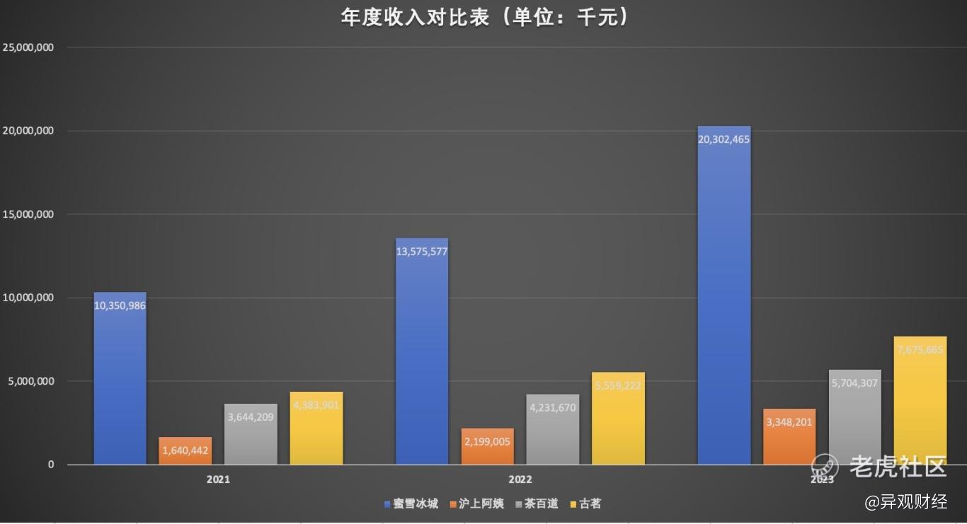 最后对比看看茶百道、古茗、沪上阿姨、蜜雪冰城的业绩表现。
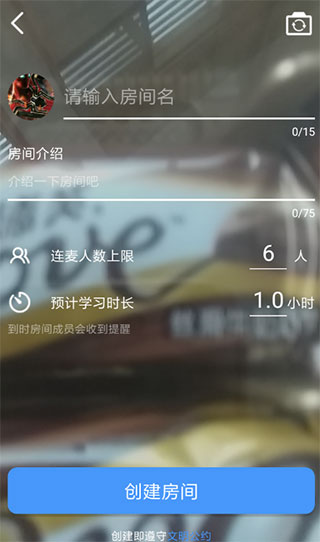 2、根据提示填写“房间名”和“房间介绍”,设置“连麦人数上限”与“预计学习时长”,即可成功创建连麦房间。
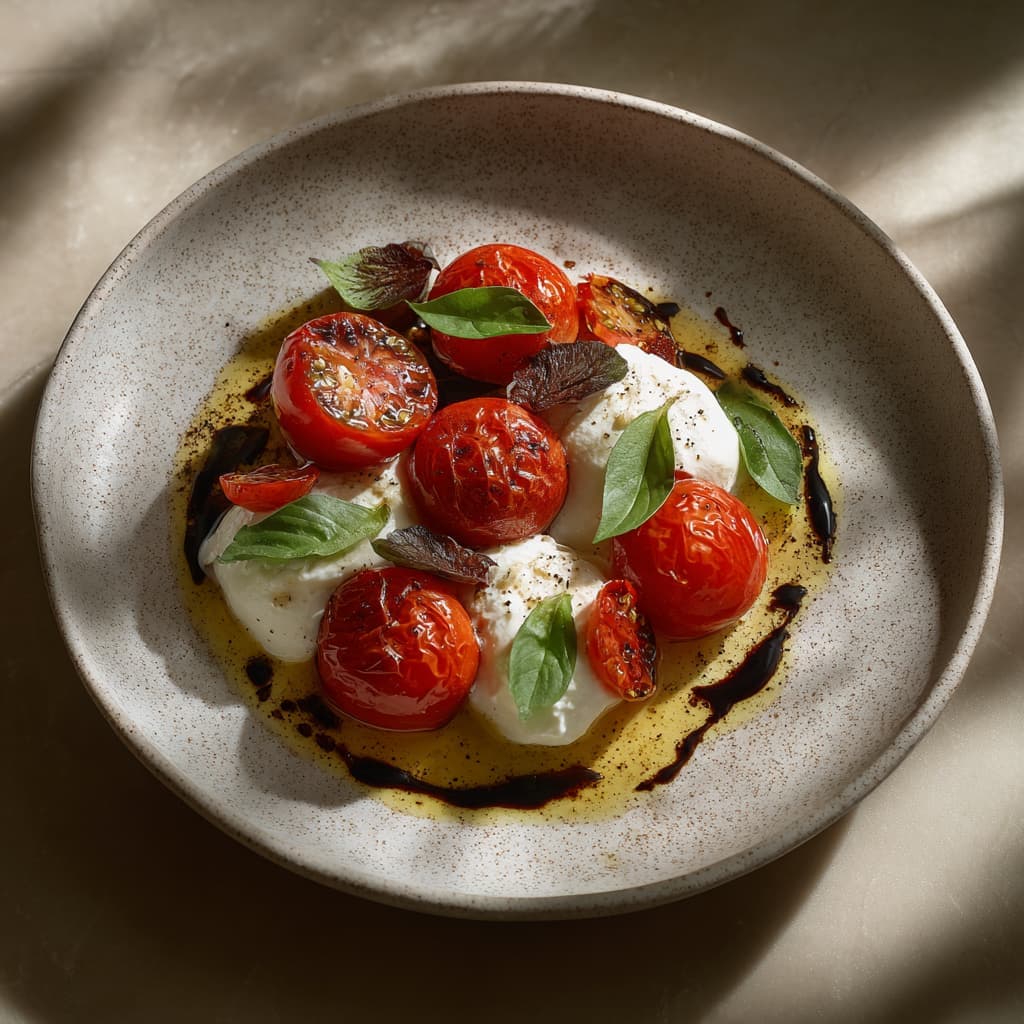 Warme, zoet geroosterde tomaten met romige burrata: een combinatie die bijna niet eenvoudiger kan, maar wel ongelofelijk veel smaak geeft. De honing en balsamico maken het zacht, rond en zomers — precies zo’n gerecht dat je op tafel zet en waar iedereen meteen naar grijpt. Serveer lauwwarm zodat de burrata zacht wordt en de tomaten hun volle smaak afgeven.
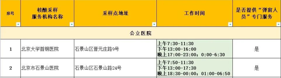 ➤北京石景山24小时核酸检测点
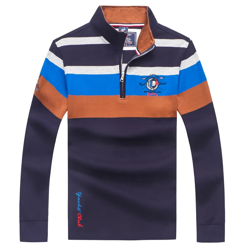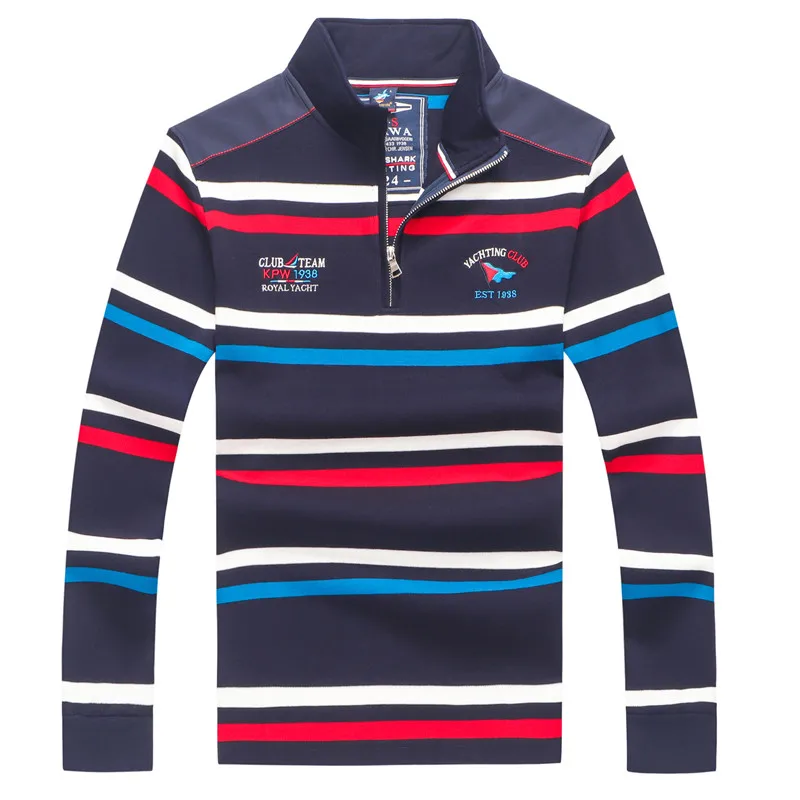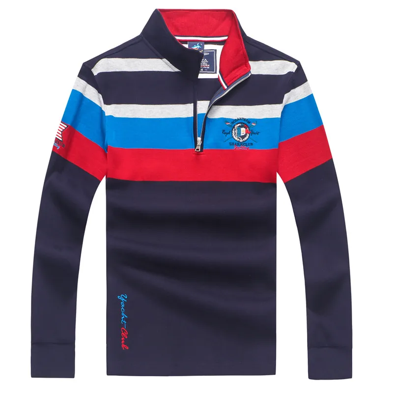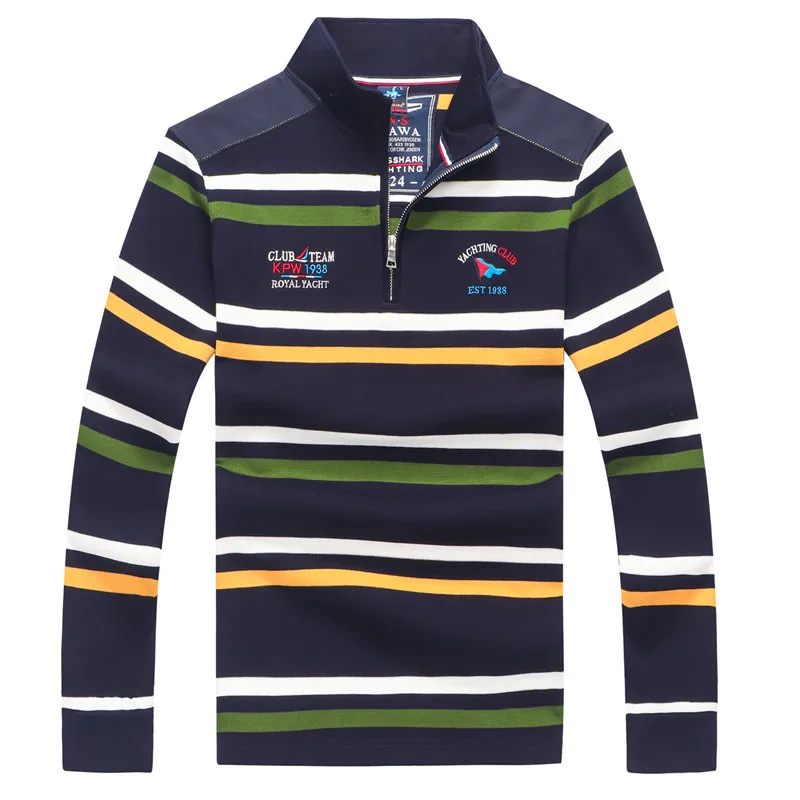 Мужской свитер в полоску, с воротником-стойкой, на молнии
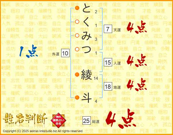 と(2画)く(1画)み(3画)つ(1画) 綾(14画)斗(4画)

Work order -> Please write out the whole listing exactly, but not the pictures in it.

Written response ->
 最后对比看看茶百道、古茗、沪上阿姨、蜜雪冰城的业绩表现。
 2、根据提示填写“房间名”和“房间介绍”,设置“连麦人数上限”与“预计学习时长”,即可成功创建连麦房间。
 Warme, zoet geroosterde tomaten met romige burrata: een combinatie die bijna niet eenvoudiger kan, maar wel ongelofelijk veel smaak geeft. De honing en balsamico maken het zacht, rond en zomers — precies zo’n gerecht dat je op tafel zet en waar iedereen meteen naar grijpt. Serveer lauwwarm zodat de burrata zacht wordt en de tomaten hun volle smaak afgeven.
 ➤北京石景山24小时核酸检测点
 Мужской свитер в полоску, с воротником-стойкой, на молнии
 と(2画)く(1画)み(3画)つ(1画) 綾(14画)斗(4画)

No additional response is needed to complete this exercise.